I have never understood why should ex-cricketers only get to be commentators? I know all the shots played on a field, I am aware of the fielding positions, and do not need the expertise of Sivaramakrishnan to tell me if it’s a great shot. Why can’t we have funny, interesting sounding people on air? Instead of listening to what sounds like the AGM of Bhubaneswar Municipal Corporation?
But then, no one tells Shastri and Gavaskar what to do. Lalit Modi tried, and he had to flee from the country.
So what can one do? How do you deal with the torture of the Deadly Duo over five days, without looking longingly at a blade to slit your wrists with?
Ladies and Gentlemen, I present you with a simple remedy.
THE SHASTRI – GAVASKAR CLICHE GAME
Numer of Players: The Shastri-Gavaskar Cliché Game can be played with two or more players. You can also play it with yourself if need be.
You Will Need: A TV showing the cricket match with English commentary. For best results, it is advised to down a few beers while watching the match, to numb the pain.
How To Play: The players sit in front of the TV and wait for Shastri or Gavaskar to come on air.
Once a stalwart of the game, Gavaskar today seems like the grumpy old man who sits on the park bench and shouts and children for eating groundnuts and throwing the paper on the floor. It’s funny to listen to him talk about integrity and team spirit considering he had quite a few tiffs with other players over captaincy, and once walked off the field with his team because he was unhappy with an umpiring decision.
But then, he is Gavaskar and no one messes with him.
So when Gavaskar comes on air, you have to guess whom he is going to reprimand in this over. For eg, a batsman drops a catch, and Gavaskar will begin – “These young cricketers of today….”. Or if a batsman hits a six and then takes a single, Gavaskar will bless him with ‘That’s a bit of sensible cricket’.
The players playing the game need to watch out for such important life lessons and predict them before the man says it. Every correct answer gives you one point.
Ravi Shastri is the God of Cliches. When he is happy, he smiles and dishes out cliches. When he is angry, he spews hateful cliches. When he is neutral, he chews cliches in his mouth carefully and then spits them out.
If Ravi Shastri took a Lie Detector test, the scientists would go crazy trying to find out what he really means – so dispassionate and composed is his delivery of cliches.
For Eg. A batsman hits a clean cover drive. Shastri will immediately say, “That travelled like a bullet.” If you could successfully say ‘Bullet’ before he says it, you get one point.
Similarly, anything that happens on the field is ‘great’ according to Shastri. Batsman hits a boundary? It’s a great shot. Bowler stops the ball, it’s a Great Stop. There is a wall in China, it is the Great Wall. So on and so forth.

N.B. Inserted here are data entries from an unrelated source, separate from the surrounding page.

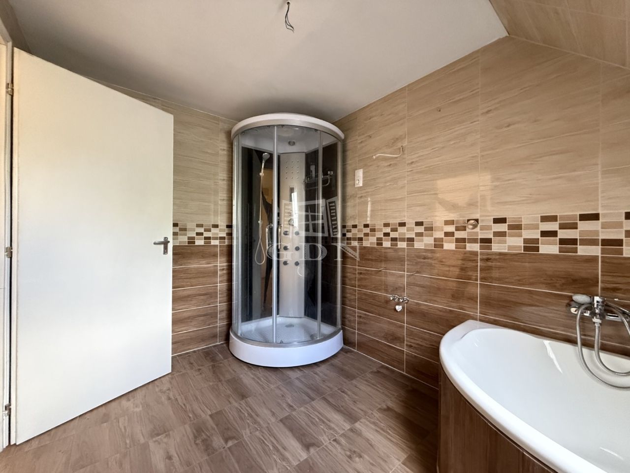 Az alsószint : előszoba, +, konyha spájzzal, étkező, nappali, 1 háló szoba, fürdőszoba ( kád és zuhanyzó is van) + wc +terasz található.
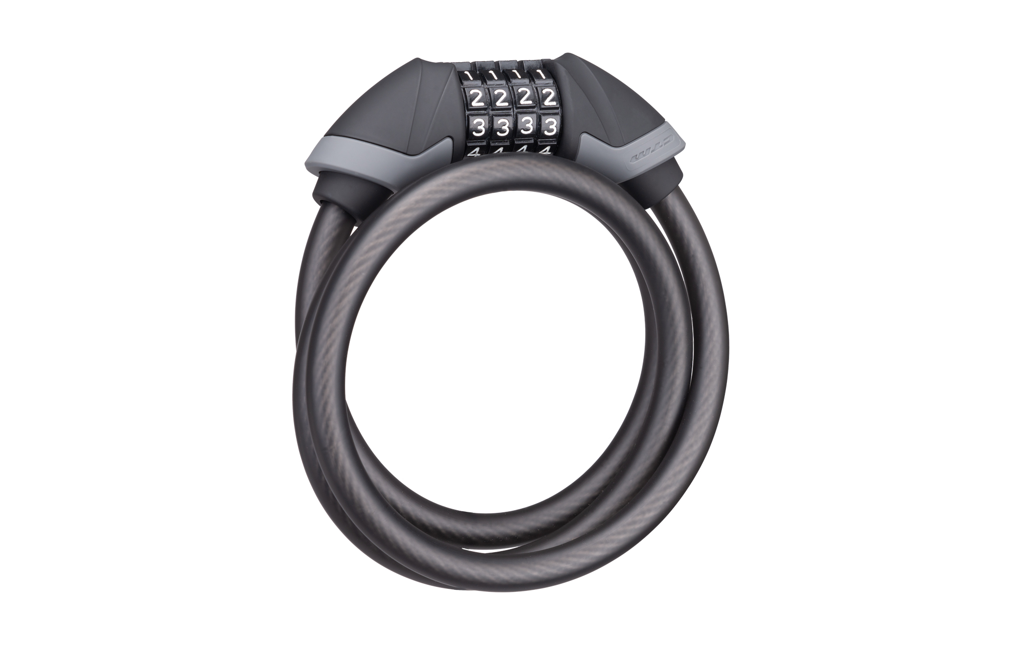 Špirálový kvalitný zámok na kód; Pogumovaná povrchová úprava hlavy a návleku; Extra odolné prevedenie; Rozmer: 12x1200 mm; Farba: matná čierna/šedá"
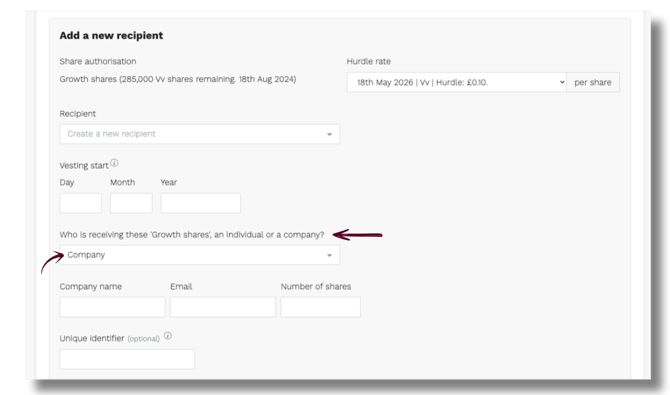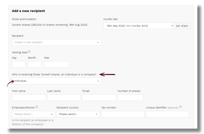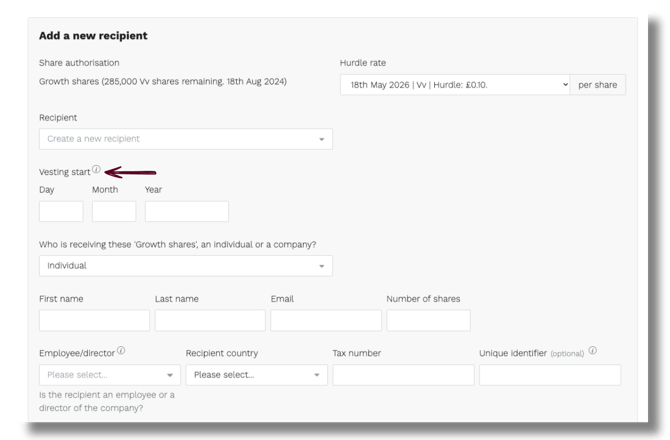 3. Enter the vesting start date, then select whether the recipient is an individual or a company.
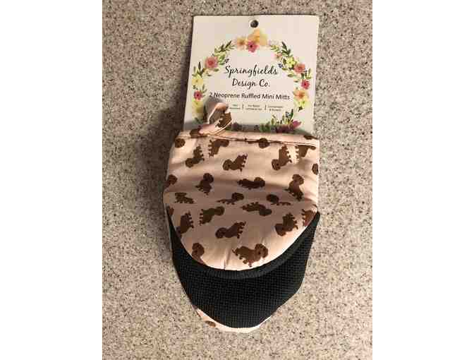 2 Neoprene Ruffled Mini Mitts with Dachshunds wearing rabbit ears
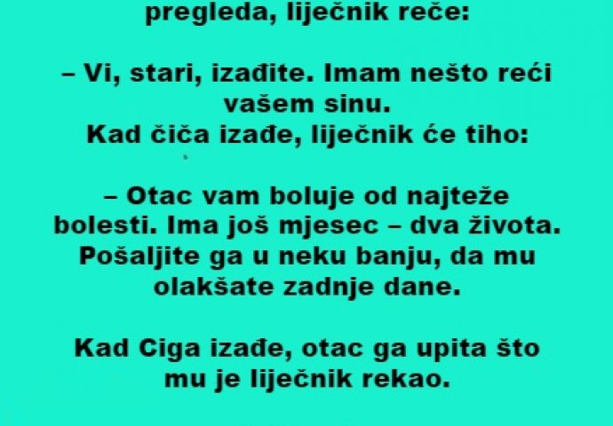 – Otac vam boluje od najteže bolesti. Ima još mjesec – dva života. Pošaljite ga u neku banju, da mu olakšate zadnje dane.

You need to sit in front of the screen and guess what he is going to say before he does it. Every correct answer gives you one point.
So there you go!
With this simple fun-filled game, you can tolerate the torture dished out by the Deadly Duo.
What is that I hear you say? What about Wasim Akram’s commentary?
Please remember this number. 022 – 27546669. Aasra is a reputed organisation that deals with suicide counselling.